> _Provided records_
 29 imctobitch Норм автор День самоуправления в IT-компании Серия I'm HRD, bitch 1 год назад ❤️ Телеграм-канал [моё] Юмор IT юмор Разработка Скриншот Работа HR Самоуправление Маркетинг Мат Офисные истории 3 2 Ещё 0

* * *

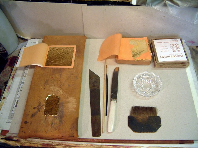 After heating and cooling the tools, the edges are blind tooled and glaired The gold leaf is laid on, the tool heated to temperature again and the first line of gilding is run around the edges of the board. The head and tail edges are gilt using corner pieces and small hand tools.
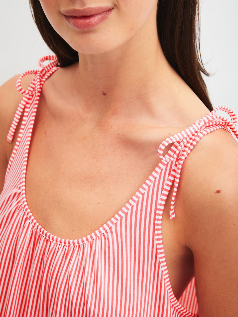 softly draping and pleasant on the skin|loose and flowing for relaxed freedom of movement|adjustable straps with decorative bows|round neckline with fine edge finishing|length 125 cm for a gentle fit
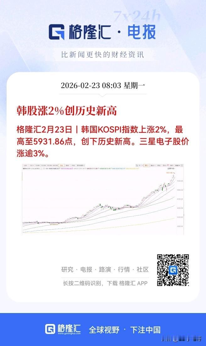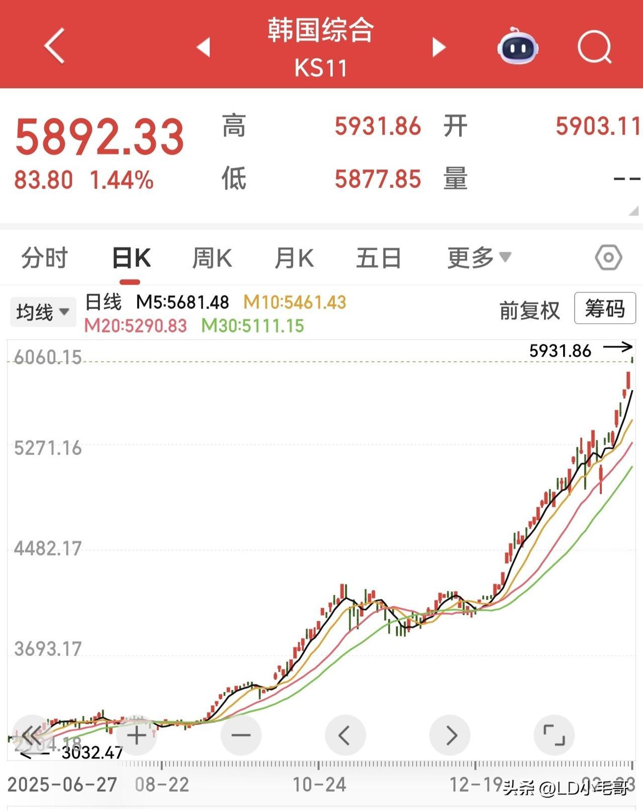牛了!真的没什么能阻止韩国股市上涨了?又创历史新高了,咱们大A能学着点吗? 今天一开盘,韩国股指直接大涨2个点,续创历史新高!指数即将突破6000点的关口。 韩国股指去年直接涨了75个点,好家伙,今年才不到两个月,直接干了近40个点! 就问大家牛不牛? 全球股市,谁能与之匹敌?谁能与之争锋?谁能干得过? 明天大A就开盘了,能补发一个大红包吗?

> _Task item_
Using the entries above, extract exactly the lines from the one that contains "After heating and" through the one that contains "就问大家牛不牛? 全球股市,谁能与之匹敌?谁能与之争锋?谁能干得过? 明天大A就开盘了,能补发一个大红包吗?". Do not carry over any pictures.

> _Task output_
 After heating and cooling the tools, the edges are blind tooled and glaired The gold leaf is laid on, the tool heated to temperature again and the first line of gilding is run around the edges of the board. The head and tail edges are gilt using corner pieces and small hand tools.
 softly draping and pleasant on the skin|loose and flowing for relaxed freedom of movement|adjustable straps with decorative bows|round neckline with fine edge finishing|length 125 cm for a gentle fit
牛了!真的没什么能阻止韩国股市上涨了?又创历史新高了,咱们大A能学着点吗? 今天一开盘,韩国股指直接大涨2个点,续创历史新高!指数即将突破6000点的关口。 韩国股指去年直接涨了75个点,好家伙,今年才不到两个月,直接干了近40个点! 就问大家牛不牛? 全球股市,谁能与之匹敌?谁能与之争锋?谁能干得过? 明天大A就开盘了,能补发一个大红包吗?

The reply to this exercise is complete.